Get your kids excited about local & fresh food on this week's episode of Feeding the Future. Orianne Cosentino is joined in the studio by Jeanne Hodesh and Samantha Hill of GrowNYC! Orianne starts off the episode by talking about the cultural relevance of open-air markets across the world, and how they are important to local economies and health. Later, hear about the history of GrowNYC, and all of the different programs they support and organize. Samantha shares her expertise as the Youth Education Coordinator and discusses the importance of engaging kids and teaching them to think about the origin and content of their food. Hear about some of GrowNYC's market field trip programs! This program has been brought to you by Whole Foods. Thanks to takstar for today's tunes.


"We don't want to tell kids what not to eat, but get them thinking about what's in their food, where it comes from. We want them to become curious eaters. [15:20]

"As adults, we are really close-minded.

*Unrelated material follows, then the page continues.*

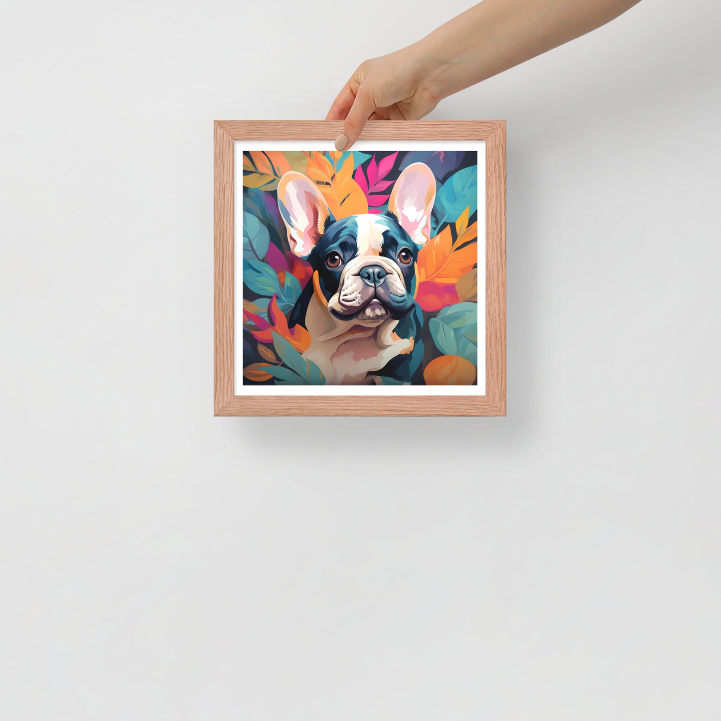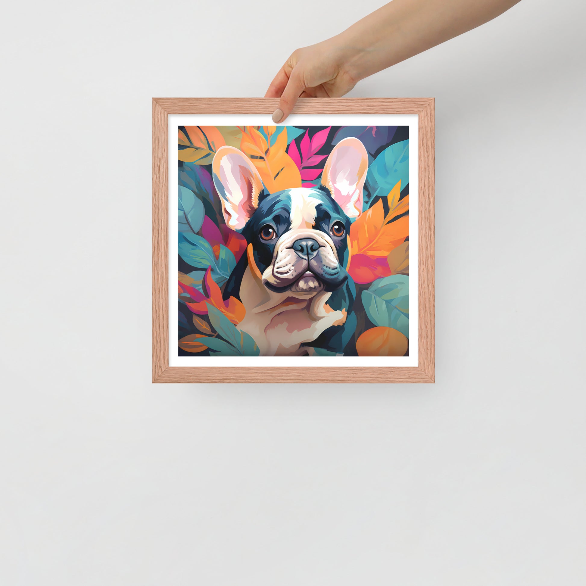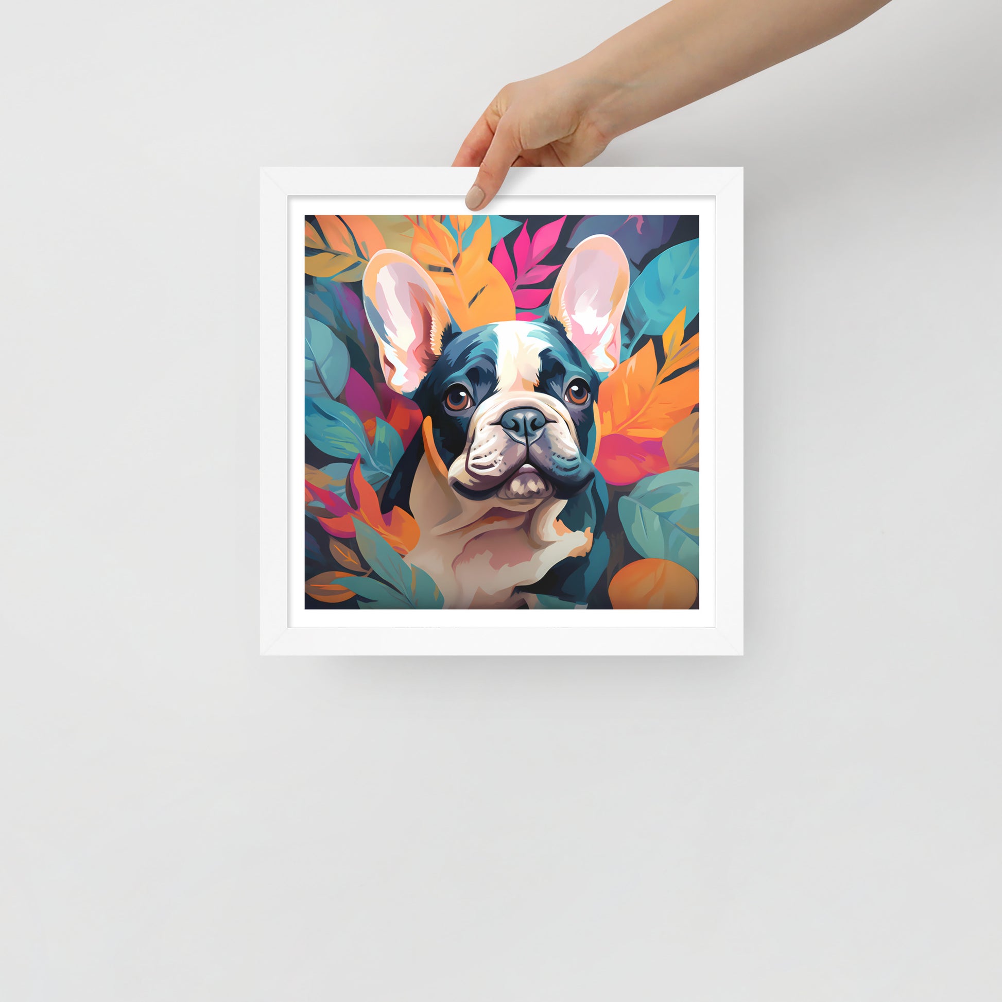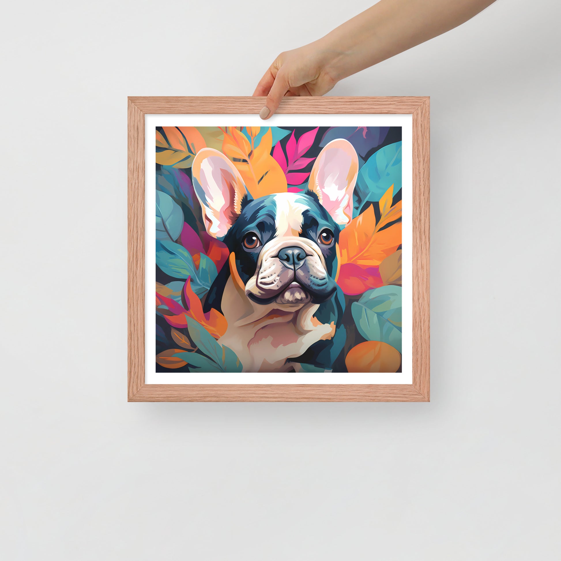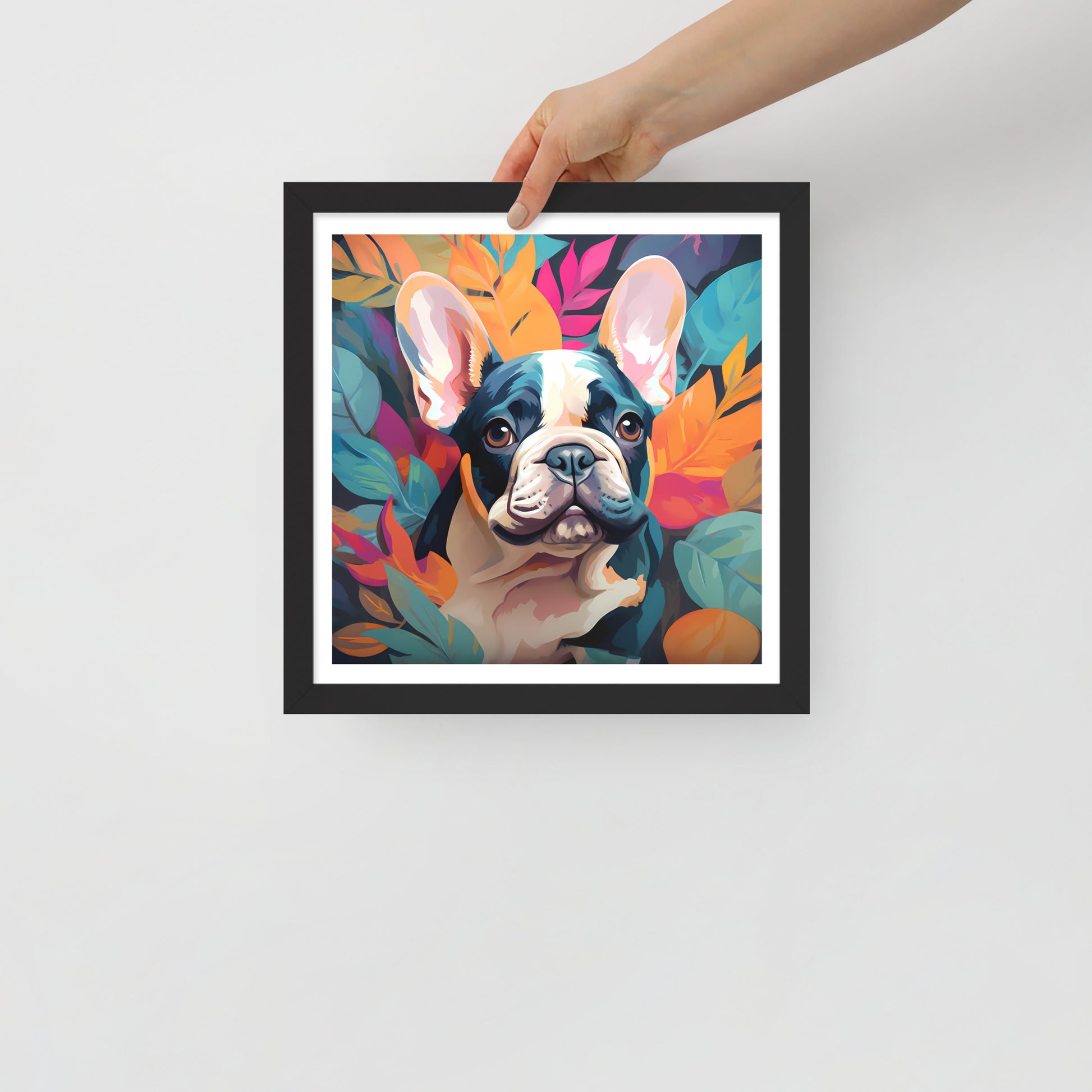 Embark on a visual journey with "Tropical Twilight," a framed artwork that captures the whimsical spirit of a pied French Bulldog against an explosion of lush, tropical flora. This piece is a celebration of nature's vivid palette and the charming personality of one of the most beloved dog breeds.

That's why I like working with kids... that negativity is a learned behavior." [18:45]

-- Samantha Hill on Feeding the Future


Perfect for cooking all those beautiful summer veggies!

(Serves about 8)

1 onion, coarsely chopped

5 cloves garlic, minced

1 inch piece of fresh ginger, grated

1 teaspoon turmeric

pinch cayenne

1 handful of parsley and cilantro sprigs, tied into a bouquet

1/2 (small) head of cabbage, cut into wedges

2 fennel bulbs, cored and chopped into large pieces

1/2 pound turnips, peeled and chopped into 2 inch pieces

6 carrots, peeled and halved, chopped into large pieces

1 can whole plum tomatoes and their juice (15 ounces)

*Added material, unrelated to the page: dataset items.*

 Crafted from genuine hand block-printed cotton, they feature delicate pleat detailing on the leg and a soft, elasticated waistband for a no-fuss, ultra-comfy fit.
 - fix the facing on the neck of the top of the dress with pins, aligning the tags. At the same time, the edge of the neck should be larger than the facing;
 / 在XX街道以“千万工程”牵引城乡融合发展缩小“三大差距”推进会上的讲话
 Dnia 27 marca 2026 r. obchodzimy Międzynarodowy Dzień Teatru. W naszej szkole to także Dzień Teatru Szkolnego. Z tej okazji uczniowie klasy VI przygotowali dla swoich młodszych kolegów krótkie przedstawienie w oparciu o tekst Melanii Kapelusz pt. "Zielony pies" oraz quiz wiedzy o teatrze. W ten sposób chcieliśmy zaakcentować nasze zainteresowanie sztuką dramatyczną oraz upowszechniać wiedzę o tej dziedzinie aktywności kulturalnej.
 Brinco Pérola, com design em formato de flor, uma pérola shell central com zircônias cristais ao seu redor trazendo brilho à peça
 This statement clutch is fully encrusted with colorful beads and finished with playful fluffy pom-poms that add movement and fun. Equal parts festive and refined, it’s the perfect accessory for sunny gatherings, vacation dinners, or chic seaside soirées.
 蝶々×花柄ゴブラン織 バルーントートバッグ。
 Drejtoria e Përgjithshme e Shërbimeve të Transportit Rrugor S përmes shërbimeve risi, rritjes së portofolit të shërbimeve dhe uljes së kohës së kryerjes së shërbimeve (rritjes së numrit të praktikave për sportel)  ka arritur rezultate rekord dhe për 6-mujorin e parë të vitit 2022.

3 zucchini, chopped into 2 inch pieces

2 sweet potatoes, peeled and chopped into 2 inch pieces

1/4 lb. green beans, cut into 1 inch lengths

3-4 cups carrot or tomato juice

2 jalapeño or chili peppers (optional)

2 tablespoons butter

1 tablespoon harissa (or to taste)

1 tablespoon sugar

salt and pepper

2 cups cous cous

1 teaspoon salt

1 tablespoon oil

4 cups boiling water

2 tablespoons butter

• Preheat oven to 400F degrees.

• Add all ingredients to a large baking dish, season well with salt and pepper. Add water, if necessary, so liquid comes halfway up the height of the vegetables

• Cover the dish loosely with foil and place in the oven for 30 minutes.

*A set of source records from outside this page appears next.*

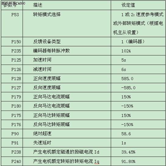 由于變頻器功能參數(shù)很多,實(shí)際應(yīng)用中,沒有必要對(duì)每一參數(shù)進(jìn)行設(shè)置和調(diào)試,多數(shù)可采用缺省值,有些參數(shù)可以通過做AUTOTUNE后產(chǎn)生,例如:速度調(diào)節(jié)器和滑差調(diào)節(jié)器的PID參數(shù)、額定轉(zhuǎn)速和額定電流下的Q軸和D軸電壓、電機(jī)的額定和最大最小滑差頻率等等,不需人工設(shè)定。而有些參數(shù)則要根據(jù)電機(jī)的負(fù)載特性和功能來設(shè)定,主要設(shè)置的參數(shù)為電機(jī)銘牌參數(shù),極限參數(shù)(包括速度和電流),定標(biāo)參數(shù),鏈接參數(shù)和通訊口等。另外,更換同型號(hào)電機(jī)后,可以繼續(xù)使用原有參數(shù)而不需要改變。但反饋類型改變后,由于對(duì)整個(gè)系統(tǒng)的影響較大,需要重新做AUTOTUNE。根據(jù)傾動(dòng)電機(jī)工藝參數(shù)和相關(guān)特性,表1列出了1#傾動(dòng)變頻器部分參數(shù)的設(shè)置。
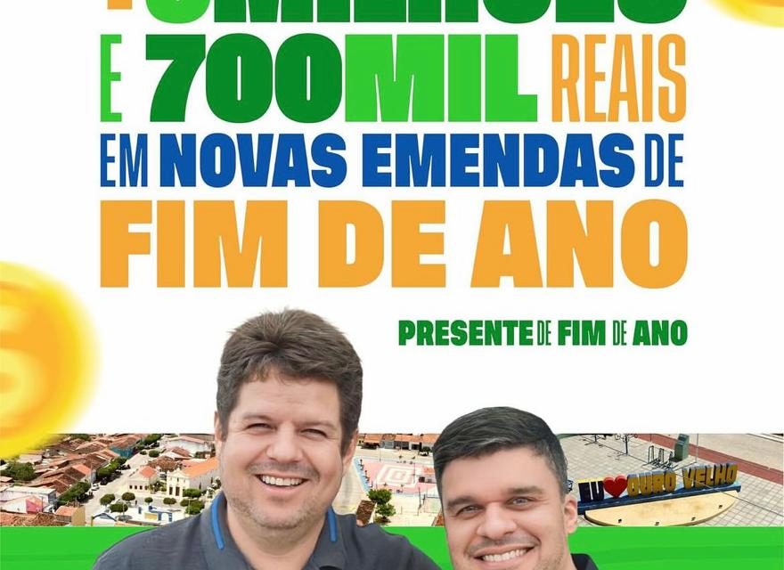 O último dia do ano de 2023 trouxe importantes notícias para o município de Ouro Velho. O prefeito Dr. Augusto Valadares, por meio de suas redes sociais, anunciou a conquista de mais de R$ 5,7 milhões em “novas emendas” parlamentares e convênios. O montante será destinado a investimentos que beneficiarão diretamente a população, contribuindo para o desenvolvimento e melhoria da qualidade de vida no município.
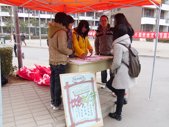 疯狂大饮食活动分为四个小环节:刀工展示、找刺激、巧手快剥和疯狂饮食,其中找刺激、巧手快剥和疯狂饮食环节需要同学们积极报名参加。此次报名中,每个活动都有其自己的报名表,短短一小时之的时间,报名人数已经很多,前来问询的同学更是络绎不绝。作为举办方,校学生会成员对每一个疑问都在现场做了详细的解答,同时也吸引了更多的同学前来报名。经过一个中午的时间,名额几乎已满,但本着尽量满足同学们的需要的原则,此次活动将继续开放现场报名。
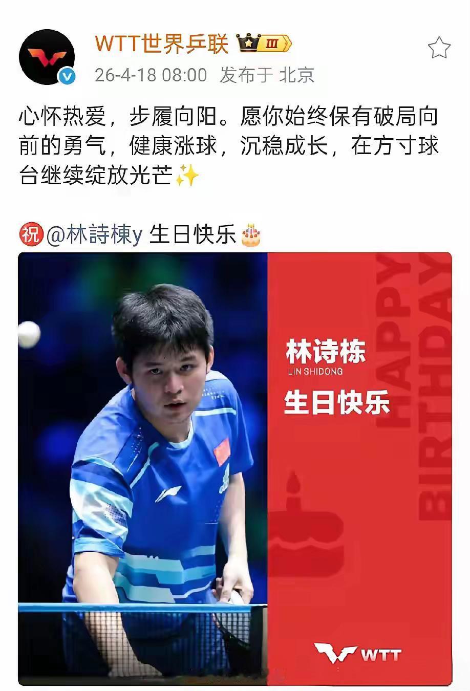 【林诗栋21岁生日,世界乒联微博两次发文祝贺】2026年4月18日,也就是今天,是林诗栋的21岁生日,WTT世界乒联(@WTT世界乒联)在微博上两次发文为他送上祝福。 两次发文内容 第一次(上午) "心怀热爱,步履向阳。愿你始终保有破局向前的勇气,健康涨球,沉稳成长,在方寸球台继续绽放光芒✨。㊗️林诗栋生日快乐🎂" 配图:生日主题海报 第二次(下午/晚间) 形式:短视频/集锦 内容:回顾林诗栋2025-2026赛季的精彩得分、关键比赛瞬间。 配文:"21岁,继续闪耀!" 等简短祝福。 正值伦敦世乒赛团体赛倒计时10天,国乒在成都封闭集训。官方十分重视,WTT连续两年,20岁、21岁为林诗栋庆生,体现对这位史上最年轻男单世界第一的高度认可。 球迷反响强烈,林诗栋21岁生日快乐 话题迅速登上热搜,球迷刷屏祝福他"健康涨球、世乒赛加油"。 春日生活打卡季
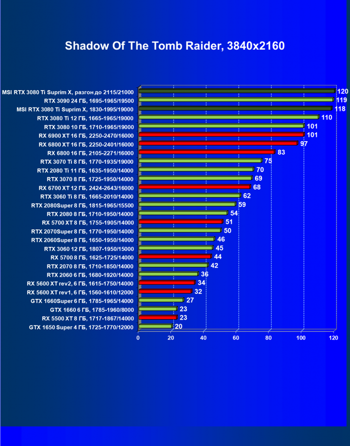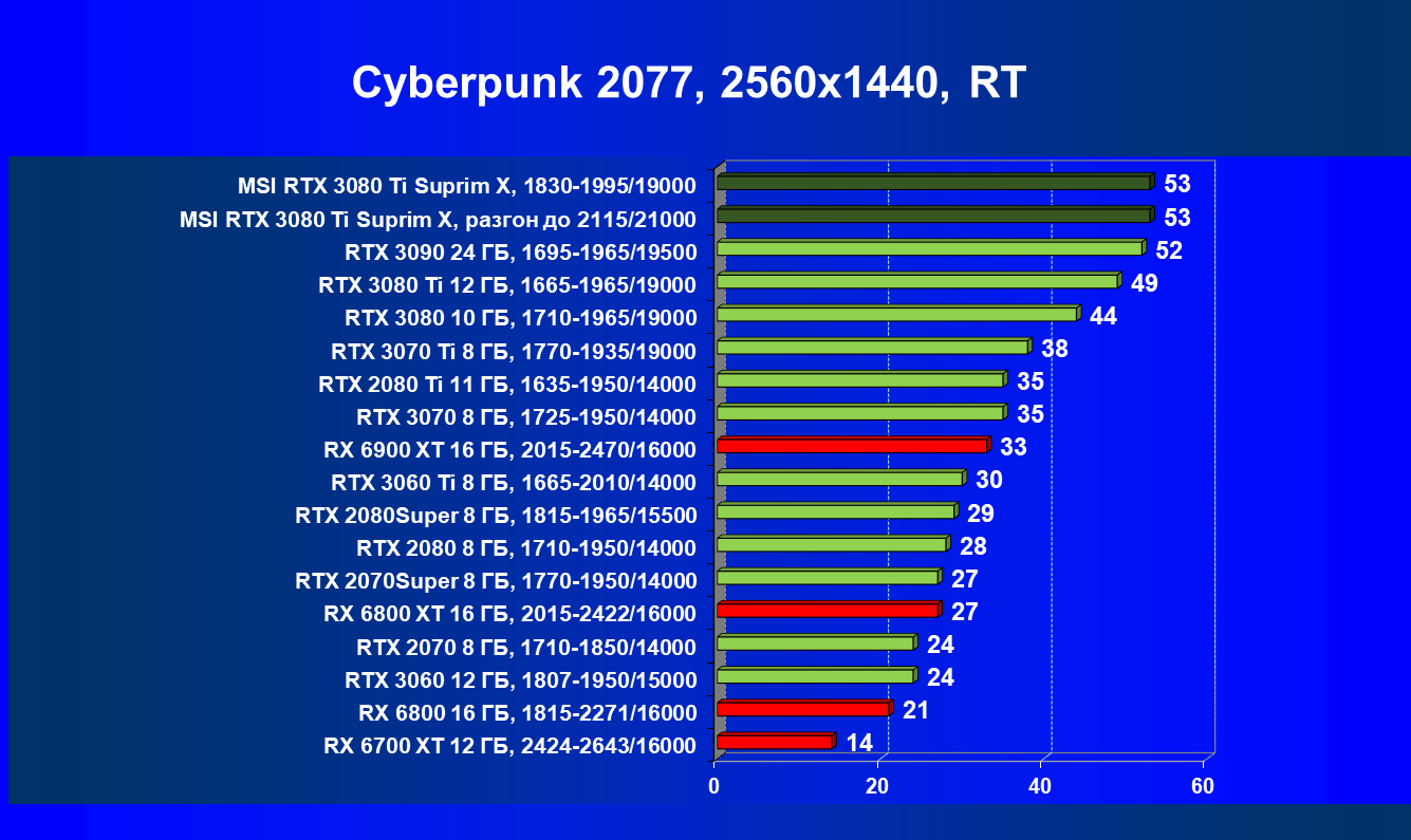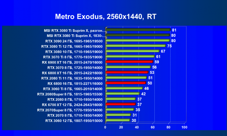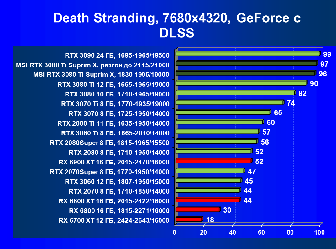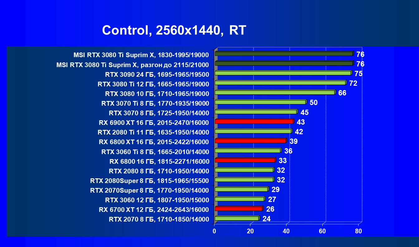 Повышенные частоты работы карты MSI вывели ее в абсолютные лидеры: она обогнала не только RX 6900 XT, но и RTX 3090!

• Remove foil and continue to cook until all vegetables are tender, 30-45 minutes more.

• Meanwhile prepare the cous cous. With a fork, mix 2 cups of cous cous with salt and oil in a bowl until oil is well distributed. Place boiling water in a measuring cup and drop in the butter. Pour water/butter mixture over the cous cous and cover with a clean kitchen towel or plastic wrap for 5 minutes or until cooked.

• To serve: Ladle a few spoonfuls of the cooking liquid over the cous cous to rewarm. Mound cous cous on a large serving platter with braised vegetables and the sauce surrounding it. Place jalapenos on top, remove herb bouquet.

Variation: Mix in any veggies you like; pumpkin, cauliflower, celery root, mushrooms, etc.